Los inversionistas extranjeros admitieron que eligieron Uruguay porque es un país que «presenta condiciones de crecimiento únicas, excepcionales a nivel mundial en lo forestal».
«Se ve en muy pocos países del mundo, pero nosotros tomamos esta decisión porque hay un clima favorable a la inversión, instituciones respetables, creíbles, serias, algo que no se da en todas partes», complementó Domeyko.
La nueva planta de celulosa no generó, esta vez, el conflicto que provocó UPM, pero todavía se escuchan algunas voces disidentes que advierten sobre los riesgos, a mediano y largo plazo, para la salud de la población y para el ecosistema regional.
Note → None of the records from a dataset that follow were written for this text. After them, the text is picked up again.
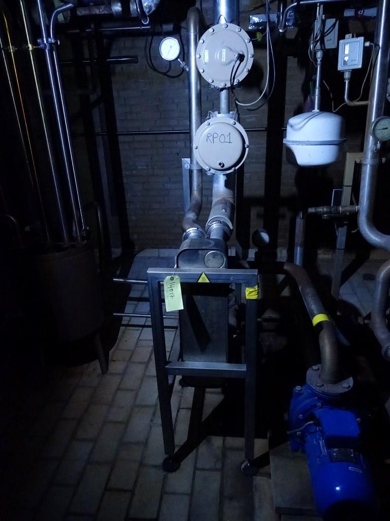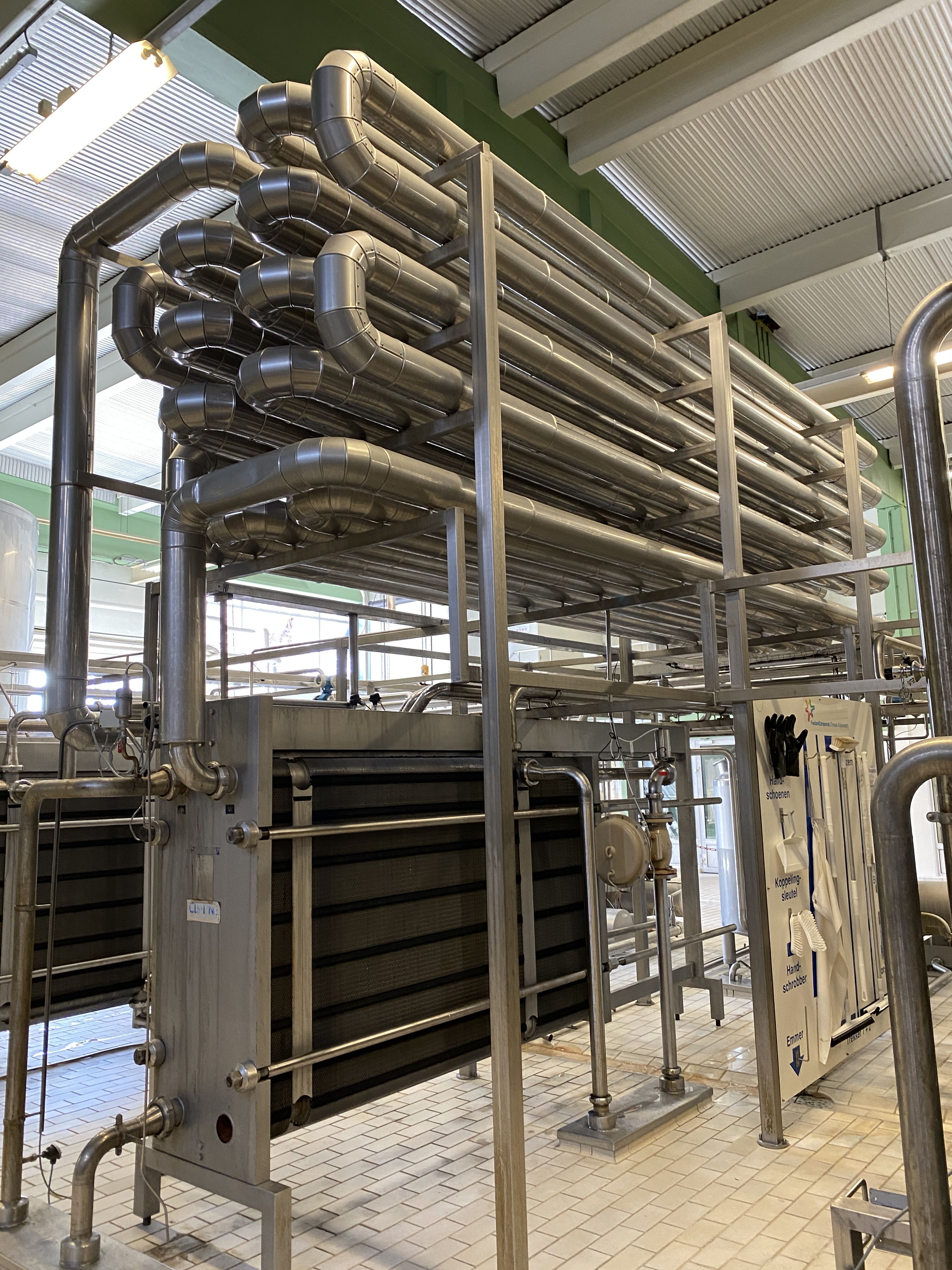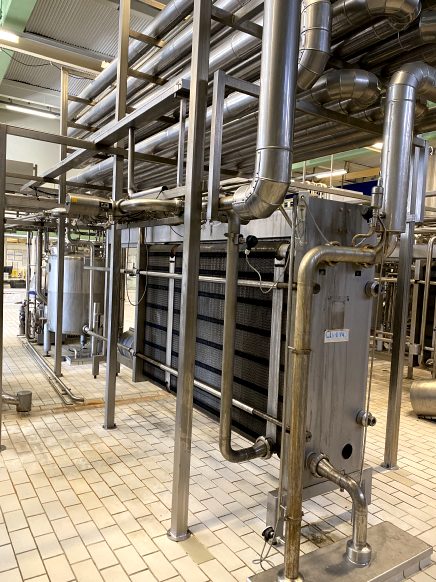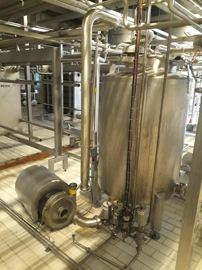 Milk thermisator/pasteuriser for Full fatt milk, full automatic. Exisiting out of: Centrifugal pump feed pump to the pasteuriser, inlet filter, Balance tank with 3 level sensors, spraybowl for cip, 3 level sensor. main pump (Alfa-laval model: LKH70/240 DMS 22kW with Flushed seal). Steam controlvalve (samson), steam/hotwater heatexchanger, condens trap, watercirculation pump (hot water set on separate skid). Plateheatexchanger, 4 section, 2x regeneration (block for connection of homogeniser or separator), heating and icwater cooling 4-55-65-4°C. Holding tube, approx of 300sec at 25T, insulated mounted on top of the heateschanger, size holding: 5 x 6 x 6mtr = 180mtr pipe, 4" = approx 1,400ltr = 200sec at 25T/h . Flowdiversion valve and all sensors, icewater valves (Samson). variable speed 25,000-37,000ltr/h at 25T upt to 95°C at 37T up to 65°C.
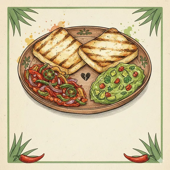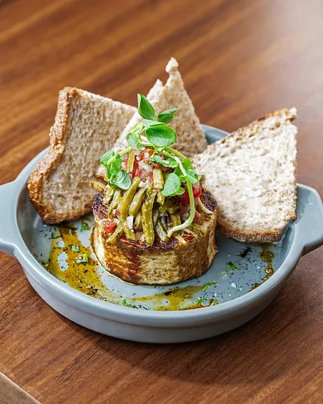 Panela asada acompañada de nopales a la mexicana y pan de masa madre
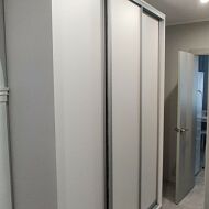 Раздвижные двери – двери с системой открывания купе. Она состоит из дверных полотен, направляющих, роликовых механизмов и ограничителей. Открывание и закрытие дверей происходит путем перемещения полотен по нижней и верхней направляющей, при этом одно из полотен заезжает за другое.

El exviceministro de Ganadería, Agricultura y Pesca Andrés Berterreche (2005-2010), que además es ingeniero agrónomo de profesión, dijo en algún momento que «éste no es el tipo de inversión forestal a la que apunta el Gobierno», sino el de «madera de valor agregado».
El actual presidente del país, José Mujica, que también fue ministro de Ganadería, Agricultura y Pesca en el Gobierno anterior que encabezó el médico oncólogo Tabaré Vázquez, dijo en 2005 que no era partidario de impulsar la industria de la pulpa de papel.
«No es mi modelo de país. Quisiera trabajar en un país que concilie el árbol, la vaca y la oveja. En todo caso, un país que genere madera, pero para trabajar», dijo en una entrevista publicada ese año.
Sin embargo, las cosas se fueron dando de otra forma. Las inversiones eran gigantescas para el pequeño país sudamericano, que terminó aceptando la nueva realidad.
En un plazo estimado de dos años, Uruguay tendrá en funcionamiento dos gigantescas plantas que producirán unos dos millones de toneladas de celulosa al año.